Her Head Is Full of Poems

Silence Before the Great Fires

Geoff is drawn to solitaire, cooking. I’m drawn
to humans — words, images, music. My focus —
imagining how words will go down with the species
as pandemic progresses — climate collapse continues.

I‘d been instructed — select a random book from
a bookshelf of poetry — find a random poem from
that book. It was about how things would be
without words sometime in the future.

We are floating in liminal time — we do not even know
if there will be a future. So there will be many places—
with no words. After finding a poem, we were asked 
to
write on the theme we found bouncing around in it.

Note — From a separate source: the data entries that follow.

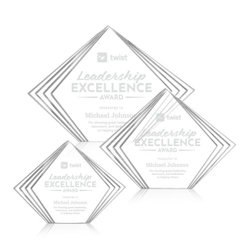 Introducing the Crawford Clear Acrylic Trophy, a modern masterpiece perfect for honoring exceptional achievements. This elegant award features a unique diamond-shaped design with layered side accents that create a stunning visual depth. Crafted from premium clear acrylic, it offers a spacious area for custom full-color graphics, logos, or heartfelt messages, making it an ideal canvas for personalization. The Crawford Trophy stands out with its contemporary flair, delivering a bold and eye-catching presentation that truly celebrates excellence and outstanding performance. Make every recognition moment memorable with this versatile and striking award.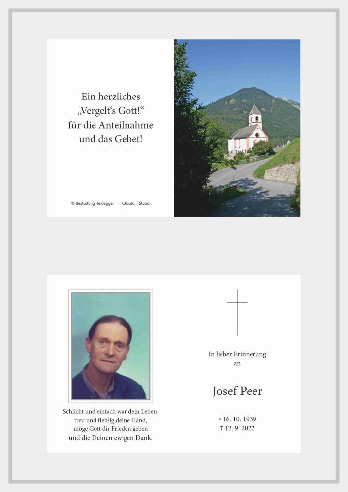 Bestattung wurde durchgeführt von: Karl Neurauter Karl Neurauter Bestattung Heidegger Brennerstraße 69 6150 - Steinach am Brenner Tel.: 05275 5211 zum Bestatter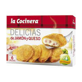 QUESO fundido (50%) [ QUESO, sólidos LÁCTEOS, MANTEQUILLA, almidón modificado, corrector de acidez (ácido cítrico), sales de fundido (E 331, E 452, E 339), sal, aroma], pan rallado [harina de TRIGO, levadura, sal, dextrosa de maíz, cacao], agua, aceite de girasol, harina de...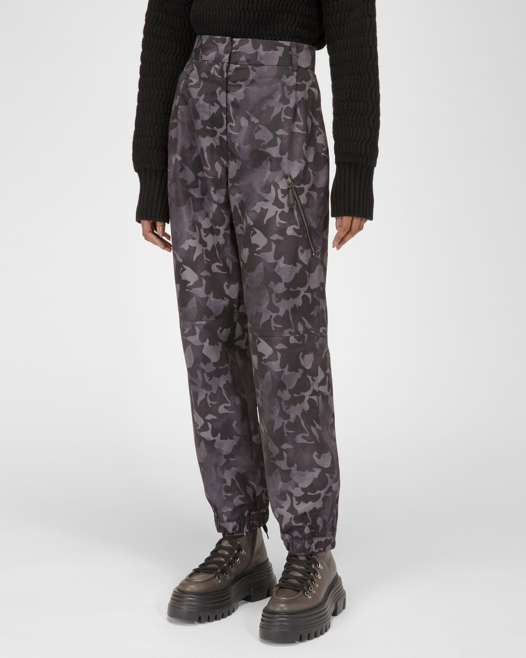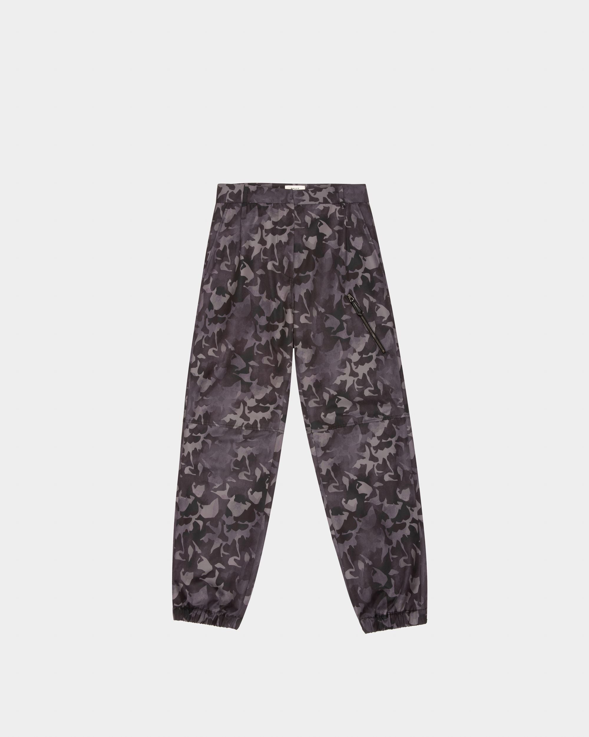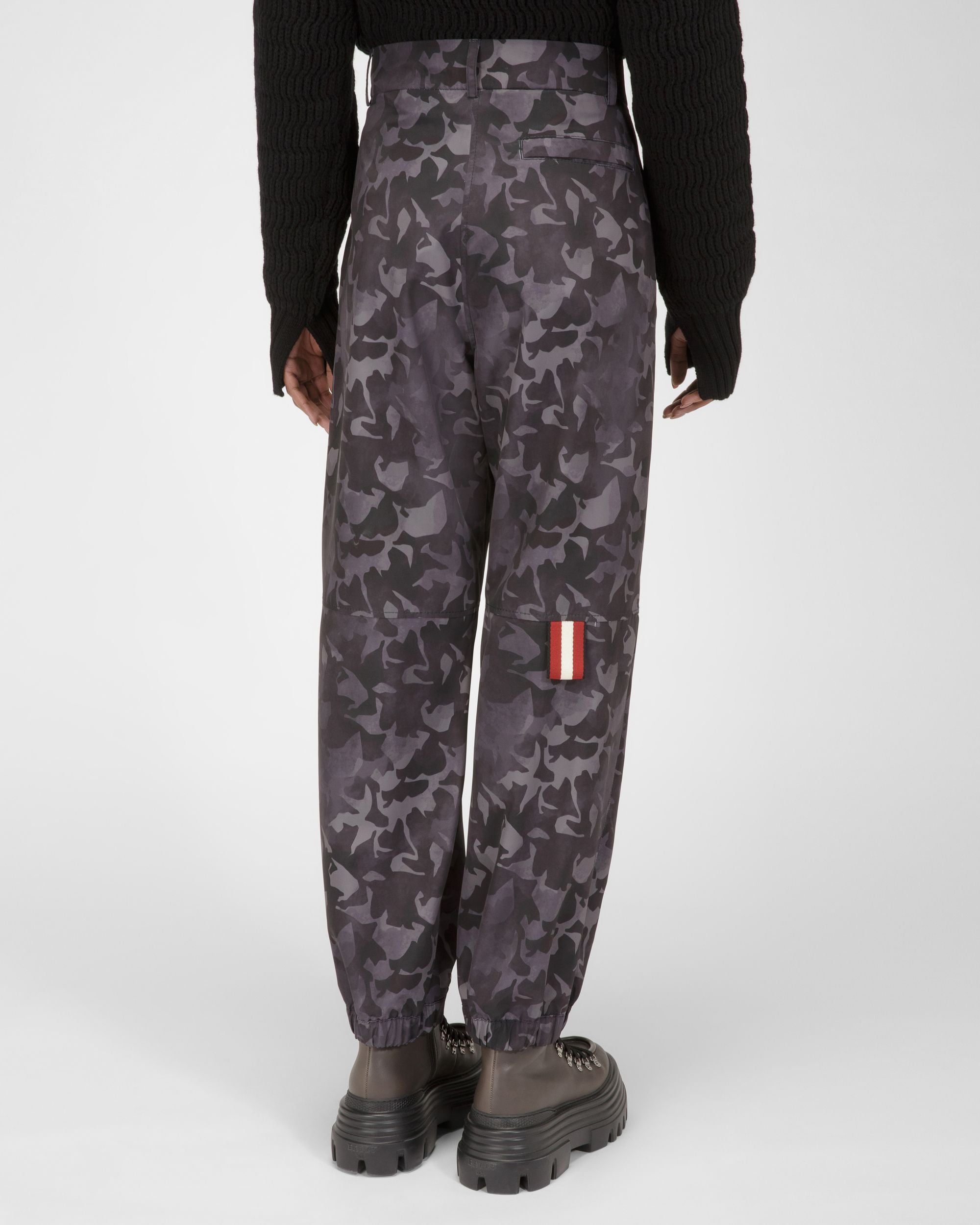 Made from recycled nylon in multitone black camouflage print. these joggers feature a number of signature details. such as the leather-trimmed pocket at the front and Bally Stripe loop at the back.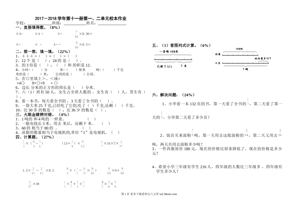 2017-2018学年第十一册第一、二单元校本作业学校:班级:姓名:一、直接填得数。(8%)×4=×4=×=×0.36=×=+=4-=×0.3=二、想一想,填一填。(22%)1、+++=()×()=()2、12个是();24的是()。...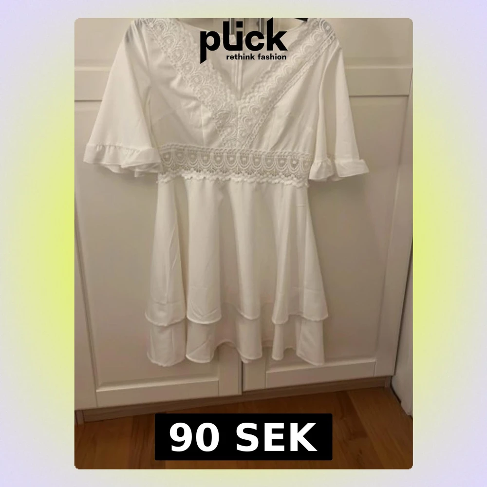 Söt vit kortklänning med v-ringning och vackra spetsdetaljer längs halsringningen och midjan. Klänningen har volang vid ärmslut och kjol, samt korta ärmar. Perfekt för sommarens alla tillfällen.
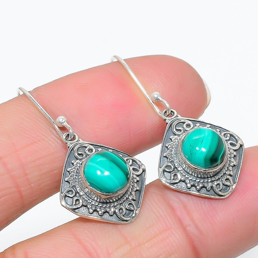 Natural Malachite 925 Silver Dangling Hook Daughters Day Heart Chakra Earrings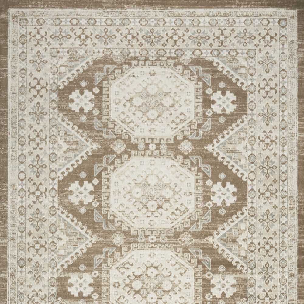 - High-Low machine-made area rug with a rustic brown synthetic material.

We’ve been dealing with grief about uncertainty —
climate collapse will end human kind, its associated
species. I was overcome with thoughts of the imminent
impact of overpopulation of humans’ horrific behavior.

I had a terrifying vision, a waking dream— compelled by,
ashamed of. I sensed a pandemic coming that would
affect only humankind and affect them democratically.
It would take out an unfathomable number of us

With an exact and egalitarian illness. It would slow us down.
Furthermore, it would slow down climate collapse significantly.
However, it was brutal. It seemed it might take down half
the species or just finish the whole thing.

I didn’t know more than that, but I knew language
was about to experience either a complete end or
a phenomenal transformation — as dramatic as any
wipeout of humans. I saw that.

A few months later, I shyly mentioned my vision to
an Italian historian, an old friend— he was repulsed
beyond measure — ranting. I never imagined we
would end this way — yet, I did dream it.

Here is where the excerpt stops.